Instruction for the entries below: return the part that opens with the line containing "Sexy Off-shoulder Boat" and closes with the line containing "此次竞赛采用线上答题的方式,涵盖党史、新", exactly, and no pictures.

▸ **ENTRIES PROVIDED**
========================================

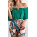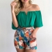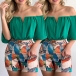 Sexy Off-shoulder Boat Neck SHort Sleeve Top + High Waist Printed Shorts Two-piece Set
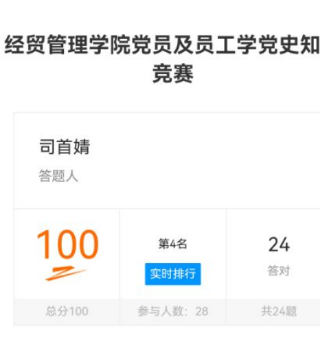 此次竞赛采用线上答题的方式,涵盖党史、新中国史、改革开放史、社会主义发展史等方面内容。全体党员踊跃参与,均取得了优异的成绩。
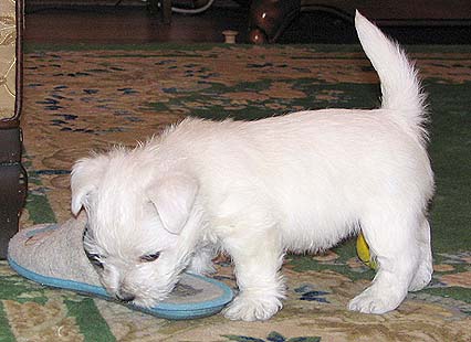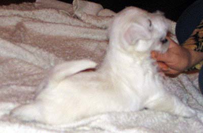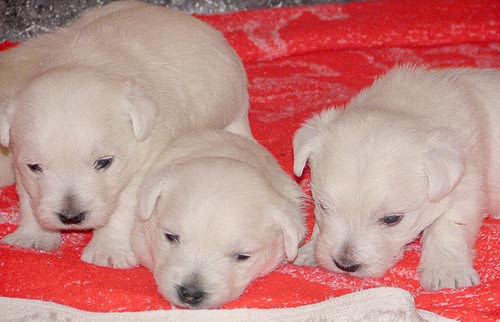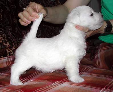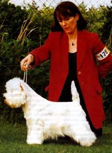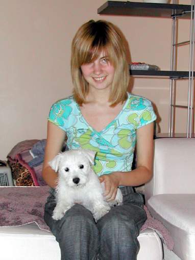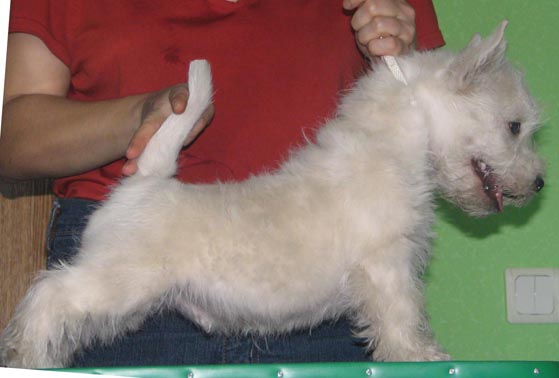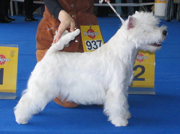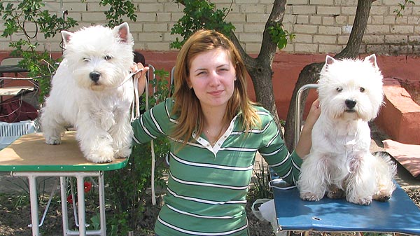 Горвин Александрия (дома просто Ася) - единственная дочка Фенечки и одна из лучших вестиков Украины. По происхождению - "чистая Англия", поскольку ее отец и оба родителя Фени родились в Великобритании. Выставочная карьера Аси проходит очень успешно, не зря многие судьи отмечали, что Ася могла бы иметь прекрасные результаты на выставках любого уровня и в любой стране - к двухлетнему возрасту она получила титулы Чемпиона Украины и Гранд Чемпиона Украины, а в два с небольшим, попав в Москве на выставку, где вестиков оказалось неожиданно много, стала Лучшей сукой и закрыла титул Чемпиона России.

========================================

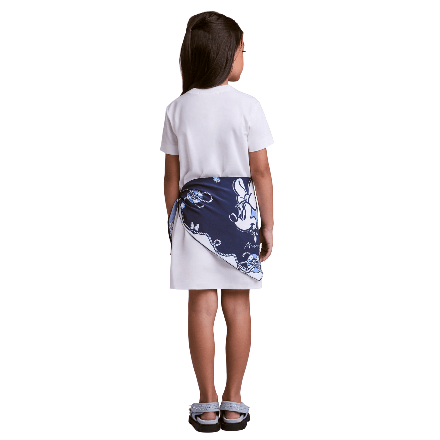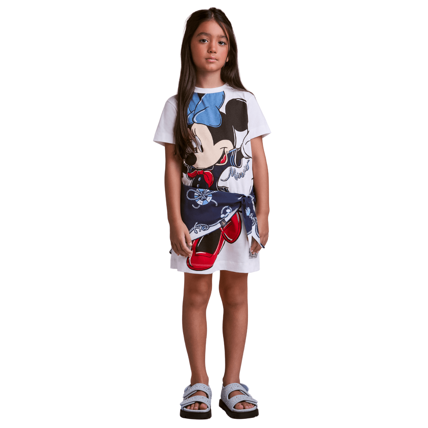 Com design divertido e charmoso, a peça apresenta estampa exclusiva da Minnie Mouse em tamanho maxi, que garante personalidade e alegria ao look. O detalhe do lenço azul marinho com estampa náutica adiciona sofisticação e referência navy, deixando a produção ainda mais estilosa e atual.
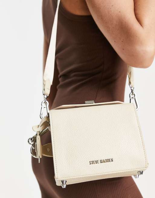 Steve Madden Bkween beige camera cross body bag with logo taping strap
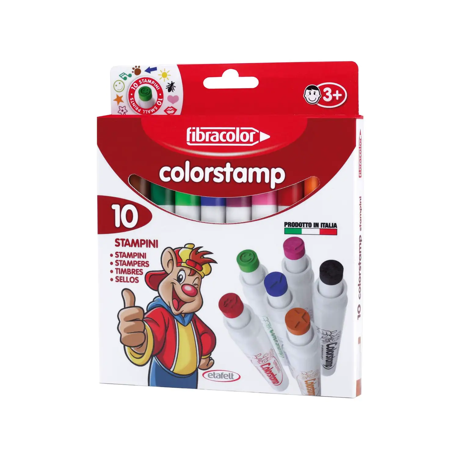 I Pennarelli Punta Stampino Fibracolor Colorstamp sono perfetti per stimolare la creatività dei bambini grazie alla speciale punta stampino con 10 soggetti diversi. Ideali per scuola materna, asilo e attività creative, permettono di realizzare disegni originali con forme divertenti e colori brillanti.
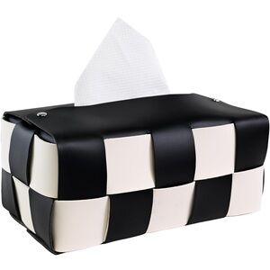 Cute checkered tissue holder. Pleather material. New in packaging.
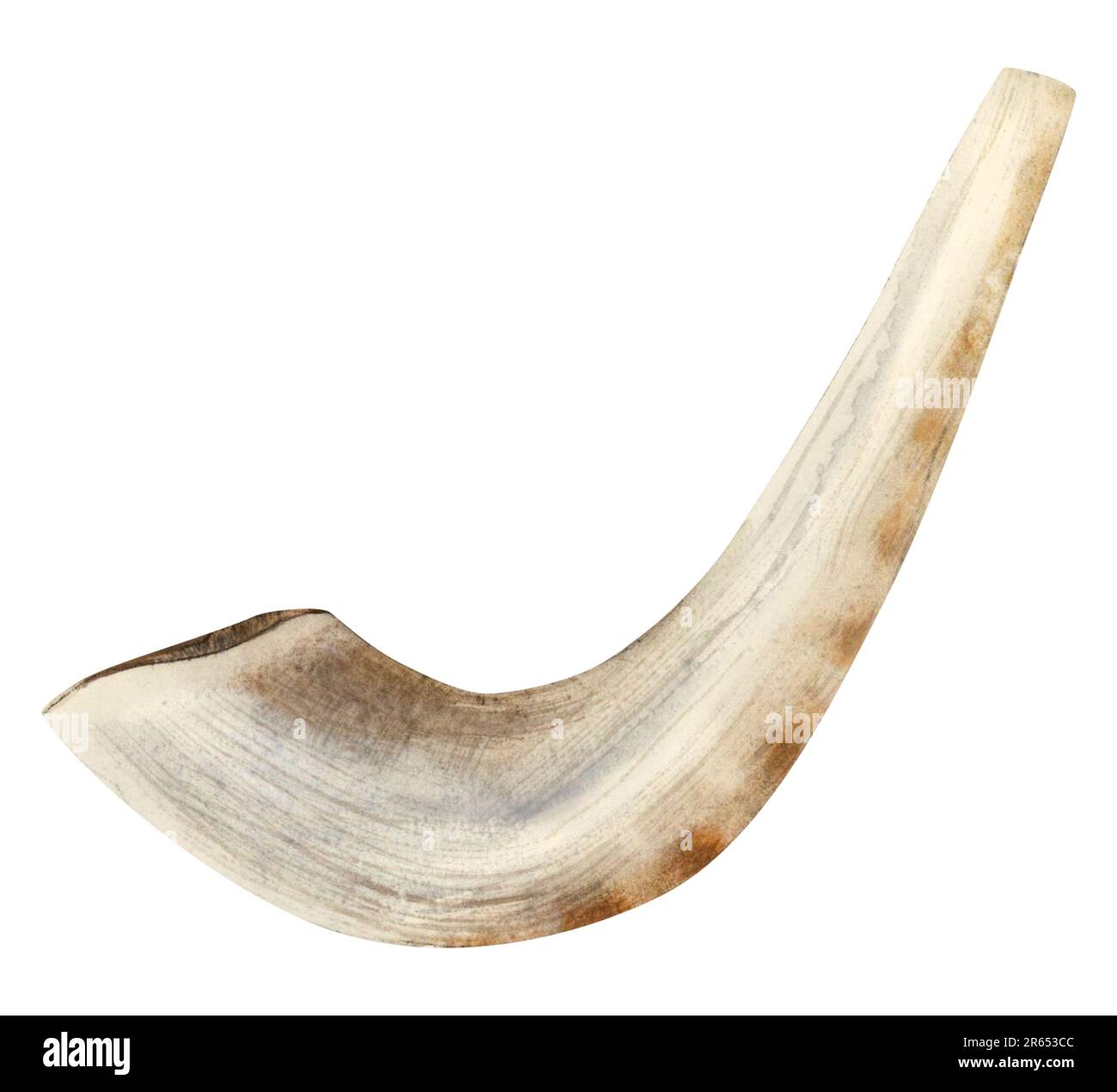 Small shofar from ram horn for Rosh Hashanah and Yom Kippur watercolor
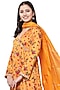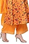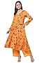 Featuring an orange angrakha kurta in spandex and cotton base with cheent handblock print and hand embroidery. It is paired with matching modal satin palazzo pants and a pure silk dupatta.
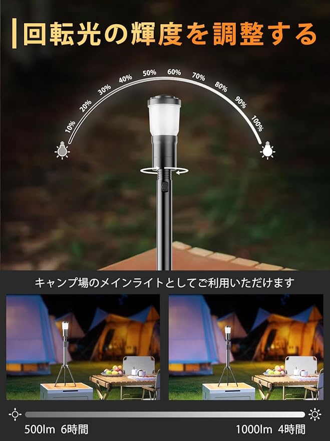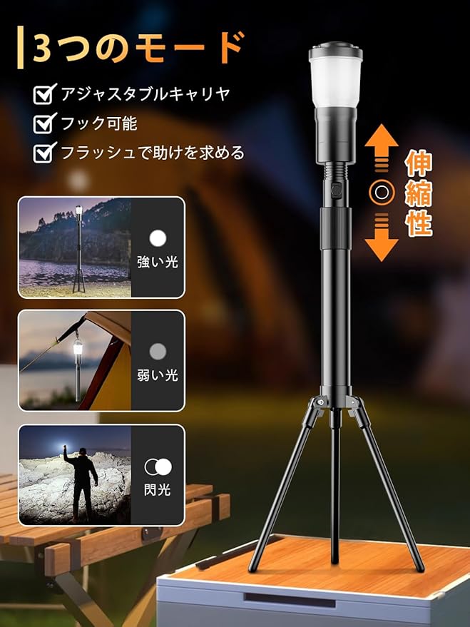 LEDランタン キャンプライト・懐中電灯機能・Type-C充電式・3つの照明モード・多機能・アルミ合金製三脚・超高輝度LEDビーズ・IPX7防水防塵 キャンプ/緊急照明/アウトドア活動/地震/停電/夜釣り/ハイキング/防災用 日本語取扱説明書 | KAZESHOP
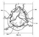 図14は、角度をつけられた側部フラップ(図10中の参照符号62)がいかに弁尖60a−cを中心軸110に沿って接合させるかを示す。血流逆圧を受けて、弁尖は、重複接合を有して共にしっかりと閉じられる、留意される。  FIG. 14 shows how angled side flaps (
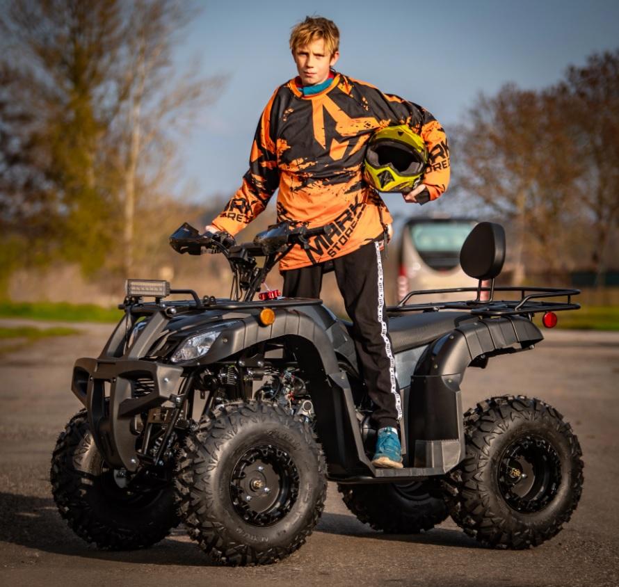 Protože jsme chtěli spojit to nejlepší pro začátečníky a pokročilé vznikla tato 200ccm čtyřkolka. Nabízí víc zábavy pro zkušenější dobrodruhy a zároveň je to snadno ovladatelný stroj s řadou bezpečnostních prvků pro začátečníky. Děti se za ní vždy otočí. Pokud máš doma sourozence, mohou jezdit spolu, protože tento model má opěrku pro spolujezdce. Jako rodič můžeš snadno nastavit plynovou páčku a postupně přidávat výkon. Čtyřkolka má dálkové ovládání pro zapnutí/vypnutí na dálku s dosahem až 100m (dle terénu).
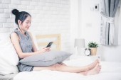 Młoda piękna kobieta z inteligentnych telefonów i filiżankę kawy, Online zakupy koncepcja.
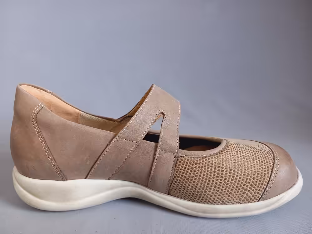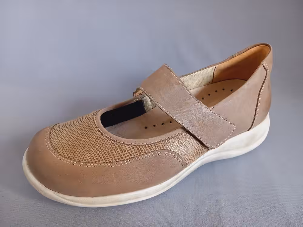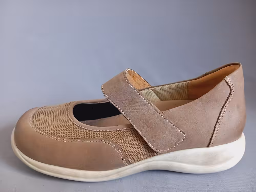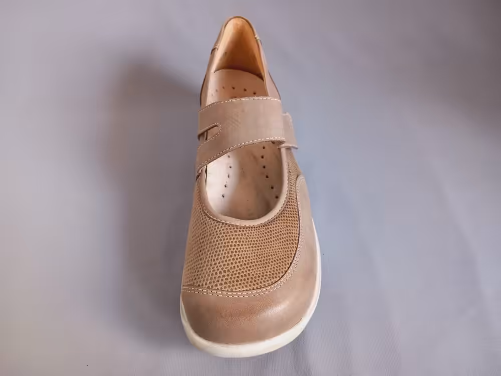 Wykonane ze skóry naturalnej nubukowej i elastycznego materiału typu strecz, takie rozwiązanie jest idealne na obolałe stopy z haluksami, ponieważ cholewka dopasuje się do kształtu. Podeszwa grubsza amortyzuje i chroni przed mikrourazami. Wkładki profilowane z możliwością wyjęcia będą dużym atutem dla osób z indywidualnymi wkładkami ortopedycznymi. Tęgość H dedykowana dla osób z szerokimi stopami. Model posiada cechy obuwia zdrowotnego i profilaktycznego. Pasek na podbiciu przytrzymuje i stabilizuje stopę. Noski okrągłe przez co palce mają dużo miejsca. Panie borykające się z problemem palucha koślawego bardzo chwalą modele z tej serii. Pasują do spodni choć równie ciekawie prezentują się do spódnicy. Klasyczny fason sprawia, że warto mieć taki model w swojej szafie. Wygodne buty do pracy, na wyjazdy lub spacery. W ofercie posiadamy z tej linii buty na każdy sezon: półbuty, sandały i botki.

========================================

▸ **EXERCISE RESULT**
 Sexy Off-shoulder Boat Neck SHort Sleeve Top + High Waist Printed Shorts Two-piece Set
 此次竞赛采用线上答题的方式,涵盖党史、新中国史、改革开放史、社会主义发展史等方面内容。全体党员踊跃参与,均取得了优异的成绩。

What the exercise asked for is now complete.